As Karch (2021) explained, there are some reasons to dislike the WMW family of tests as the non-parametric alternative to the t-test. Regardless of the underlying statistical arguments², it can be argued that the interpretation of the WMW tests, especially when involving equivalence testing, is a tad difficult. Some may want a non-parametric alternative to the WMW test, and the Brunner-Munzel test(s) may be a useful option.

The Brunner-Munzel test (Brunner and Munzel 2000; Neubert and Brunner 2007) is based on calculating the “stochastic superiority” (Karch 2021, i.e., probability of superiority), which is usually referred to as the relative effect, based on the ranks of the two groups being compared (X and Y). A Brunner-Munzel type test is then a directional test of an effect, and answers a question akin to “what is the probability that a randomly sampled value of X will be greater than Y?”

\[ \hat p = P(X>Y) + 0.5 \cdot P(X=Y) \]

Basics of the Calculative Approach

In this section, I will quickly detail the calculative approach that underlies the Brunner-Munzel test in TOSTER.

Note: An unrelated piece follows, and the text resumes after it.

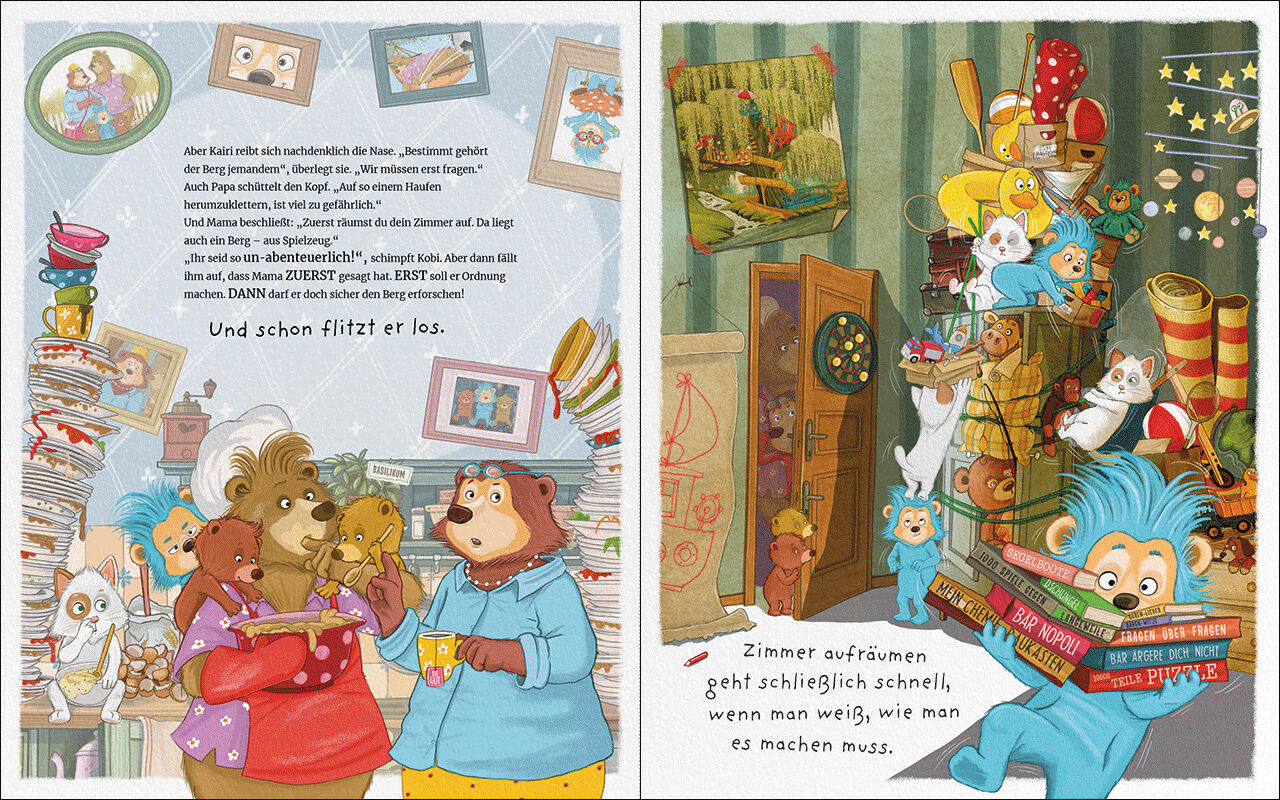 Loewe-Bücher: garantiert ohne KI ICH + DU = DOPPELT TOLL! Er ist blau. Er steckt voller Ideen. Und er macht die Welt so, wie Kinder sie sehen. Das ist Kobi Kopfübär! Was ist das für ein Haufen Krimskrams, der sich da im Wilden Weg auftürmt? Entdeckungsfreudig ...
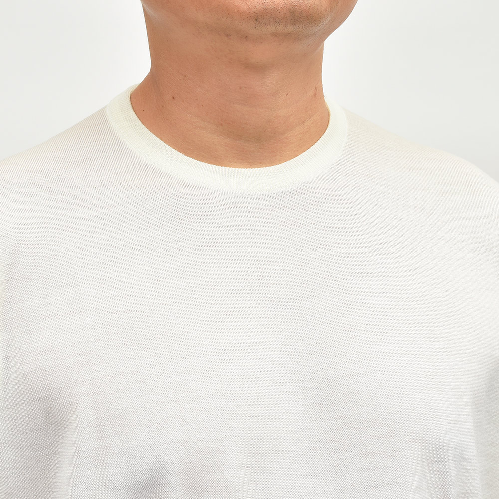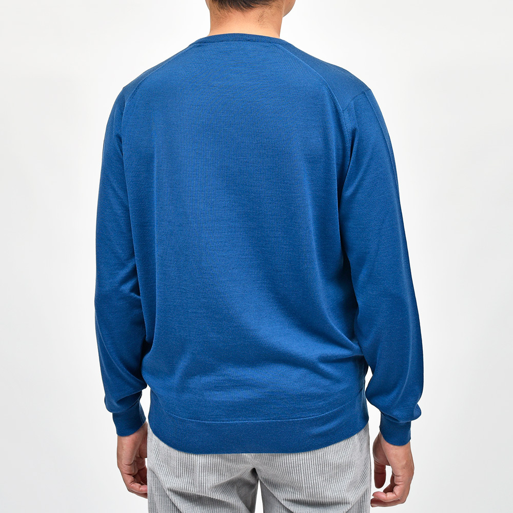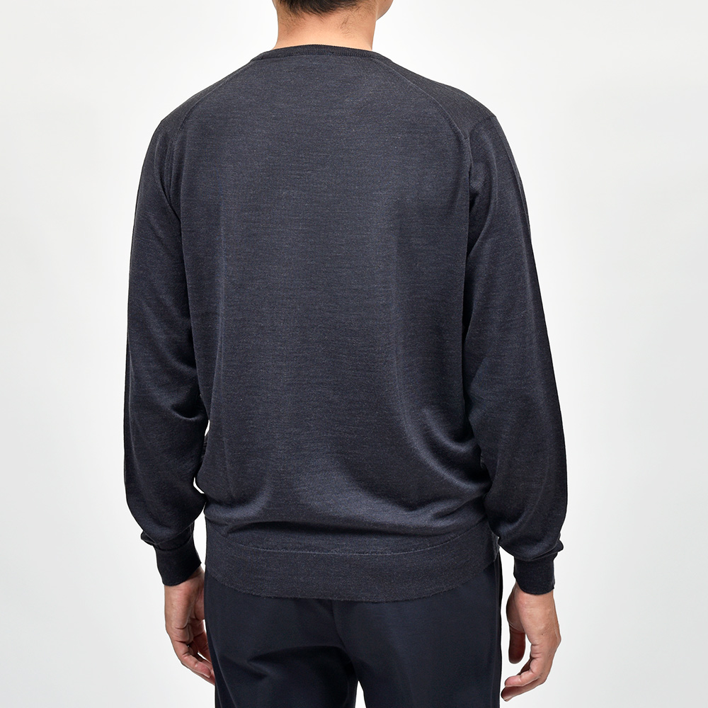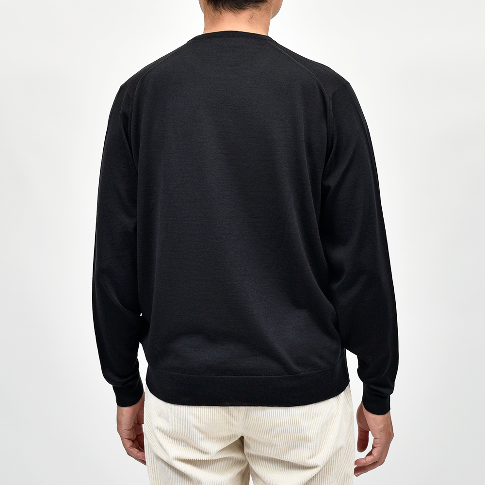 滑らかで仄かな光沢感を放ち、非常に手触りの良いエクストラファインメリノウールを使用した、定番ハイゲージの30ゲージシリーズ。やや透け感のあるハイゲージは、ジャケットなどのインナー使いは勿論のこと、サイズ感を少しゆったりめにすれば一枚で着用しても雰囲気のあるスタイルになります。JOHN SMEDLEYでは定番のクルーネックニットモデル“SCANLAN”は、Tシャツやシャツとの重ね着は勿論、一枚で着てもスタイリングに品のある表情を作り上げてくれます。

A studentized test statistic can be calculated as:

\[ t = \sqrt{N} \cdot \frac{\hat p -p_{null}}{s} \] Wherein the default null hypothesis \(p_{null}\) is typically 0.5 (50% probability of superiority is the default null), and \(\sigma_N\) refers the rank-based Brunner-Munzel standard error. The null can be modified therefore allowing for equivalence testing directly based on the relative effect. Additionally, for paired samples the probability of superiority is based on a hypothesis of exchangability and is not based on the differences scores³.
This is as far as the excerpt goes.